§ What the exercise asks
An exact copy of the data is needed, one that excludes all pictures.

--- Available data ---

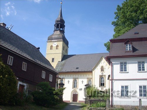Kostel sv.Jiří je dominantou nad náměstím ve Chřibské.Byl původně dřevěný a v r.1596 byl goticky přestavěn na kamenný.R.1649 byly provedeny další úpravy a později byla zvýšena i věž kostela.
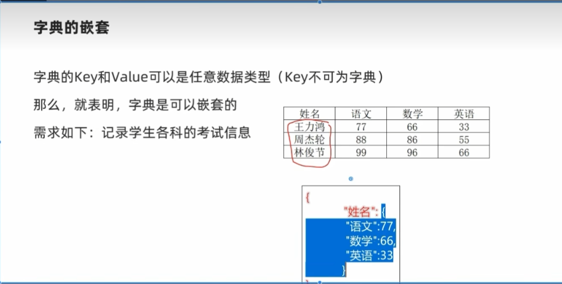 学生的考试信息:{'王力宏': {'语文': 77, '数学': 66, '英语': 33}, '周杰伦': {'语文': 88, '数学': 68, '英语': 38}, '林俊杰': {'语文': 79, '数学': 69, '英语': 39}}
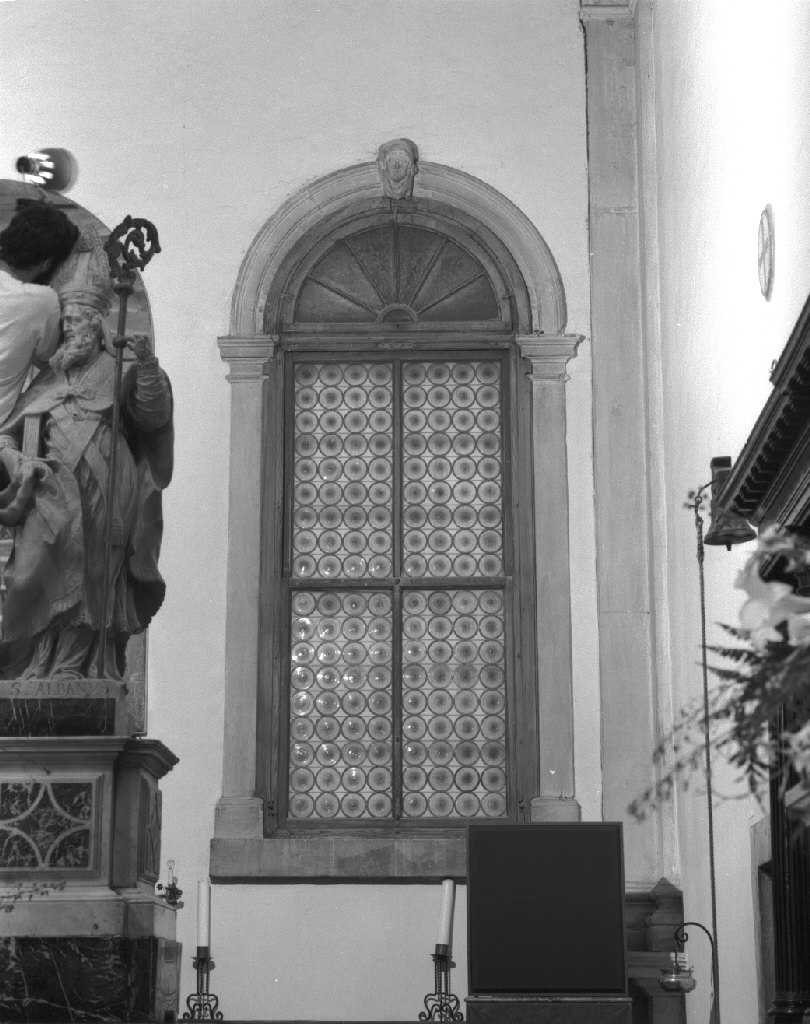 - NOTIZIE STORICO CRITICHE Le mostre incorniciano i due finestroni absidali che presentano vetri piombati di colore rosa intenso

---

§ Response for this exercise
Kostel sv.Jiří je dominantou nad náměstím ve Chřibské.Byl původně dřevěný a v r.1596 byl goticky přestavěn na kamenný.R.1649 byly provedeny další úpravy a později byla zvýšena i věž kostela.
 学生的考试信息:{'王力宏': {'语文': 77, '数学': 66, '英语': 33}, '周杰伦': {'语文': 88, '数学': 68, '英语': 38}, '林俊杰': {'语文': 79, '数学': 69, '英语': 39}}
 - NOTIZIE STORICO CRITICHE Le mostre incorniciano i due finestroni absidali che presentano vetri piombati di colore rosa intenso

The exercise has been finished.